Hacker News new | ask | show | jobs
by jnordwick 680 days ago
Yesterday, he posted on Reddit and I expressed some concern with the benchmarks. The benchmarks are claiming 0.36 ns of overhead per call, but only the computing function. There is a second thread running doing the schedule that the overhead numbers don't include. It seems pretty clear he's running on a hyperthreaded 8 core machine (so 16 threads), I was guessing 3 Ghz, so that literally a single cycle of overhead.

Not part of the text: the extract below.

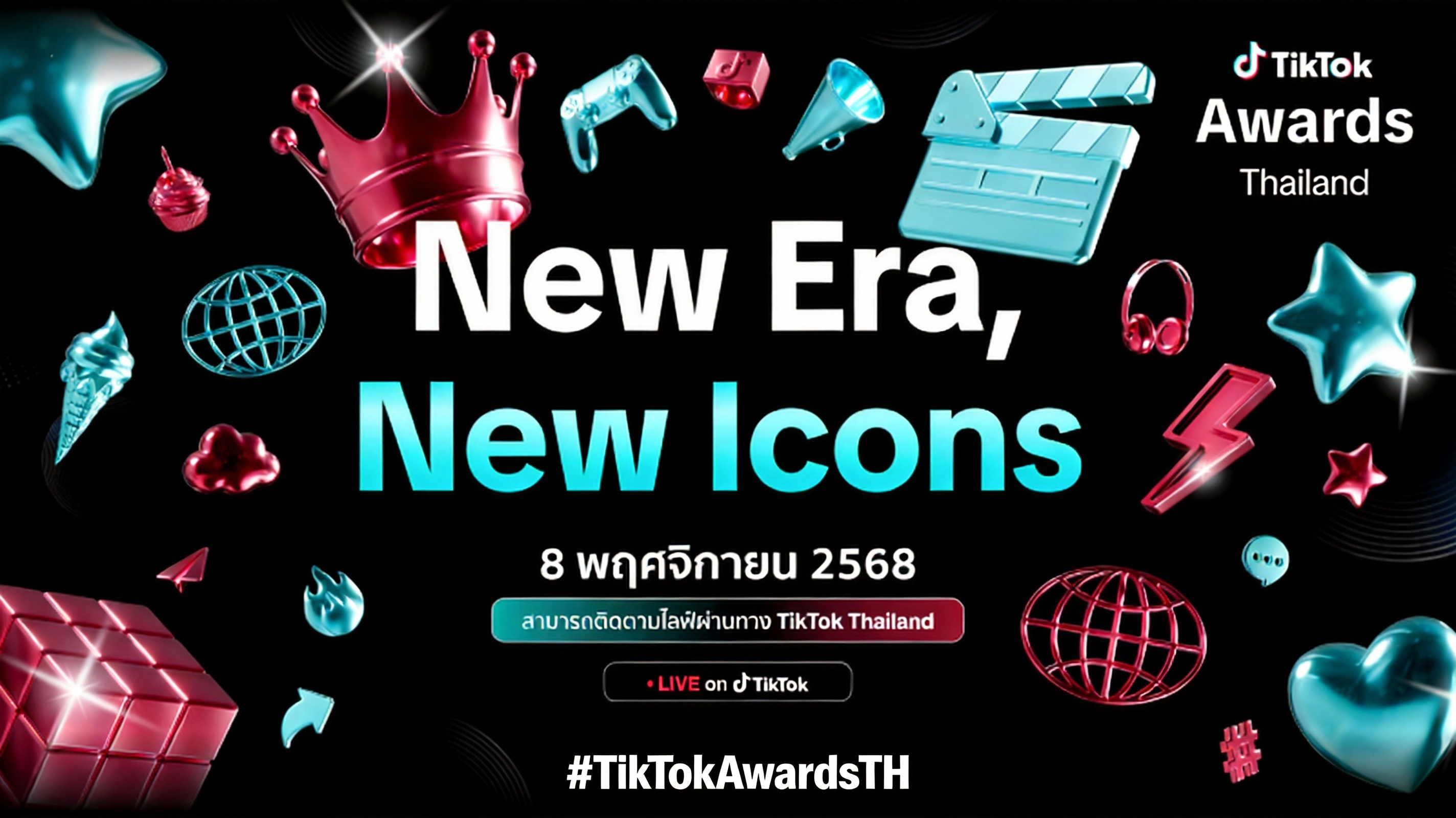 เวที TikTok Awards 2025 กลับมาอีกครั้งแบบยิ่งใหญ่กว่าเดิม พร้อมพาเราเข้าสู่ยุค “New Era, New Icons” ที่ครีเอเตอร์ไม่ได้เป็นแค่คนทำคอนเทนต์ แต่กลายเป็นไอคอนตัวจริงของวัฒนธรรมยุคดิจิทัล

Each extra thread adds more overhead from lock contention. At 16 threads overhead is up to 3.6 ns (so 10 times more). I'm guessing, but that would mean the 0.36 ns of overhead included an uncontested lock? That's not possible. There's some other weirdness going on in the benchmark data too. So either I'm not understanding what he's actually timing or maybe there is a bug in the benchmark code.

Also, if you multiply all the values out, I think he's timing in milliseconds (when runtime is calculated and converted to millis, they come out as whole numbers). Don't most benchmarkers have better precision than that? Maybe he's just using `time prog` and the data is just really dirty. Or maybe he's just choosing really, really bad metrics that totally useless for this (this is probably correct, just not sure if there are more issues).

2 comments

I don't understand why it's unbelievable. They walk through the required logic to perform scheduling and dispatch; it looks incredibly simple and extremely suited to hiding on an OoO. The benchmark is summing down a binary tree which is going to give you a lot of space to hide what's at most a handful of instructions. There's obviously no lock contention because, like, look at the algorithm, what locks contending on what?

AFAICT this is just a really cool and really practical algorithm for microthreads with near zero cost per semantic thread.

> There's obviously no lock

What? The threadpool has a shared mutex accessed by each worker thread, which is used for pushing work on heartbeat and for dequeuing work. https://github.com/judofyr/spice/blob/167deba6e4d319f96d9d67...

"Adding more threads to the system will not make your program any slower" is an insane claim to be making for any lightweight task scheduling system, and trivially not true looking at this: if you have 1000 threads as workers and degenerate tree program than each worker will take turns serializing themselves through the mutex. Things like these are massive red flags to anyone reading the README.

The README covers this. Its argument is persuasive. If your point is that the constant is badly tuned for theoretical 1000 core machines that don't exist, I'm not sure I care. A 100ns stall at most every 100us becoming more likely when you approach multiple hundreds of cores is hardly a disaster. In the context of the comment I replied to, the difference between 8 and 16 workers is literally zero, as the wakeups are spaced so the locks will never conflict.

Actually, if you did have a 32k core machine somehow with magical sufficiently-uniform memory for microthreading to be sensible for it, I think it's not even hard to extend the algorithm to work with that. Just put the workers on a 3D torus and only share orthogonally. It means you don't have perfect work sharing, but I'm also pretty sure it doesn't matter.

The lock is acquired every 100 microseconds and it is expected that only one thread accesses it at a time.
I know. But I have no other explanation as to the latency increase that is seen as the number of threads increases. Do you have a better theory?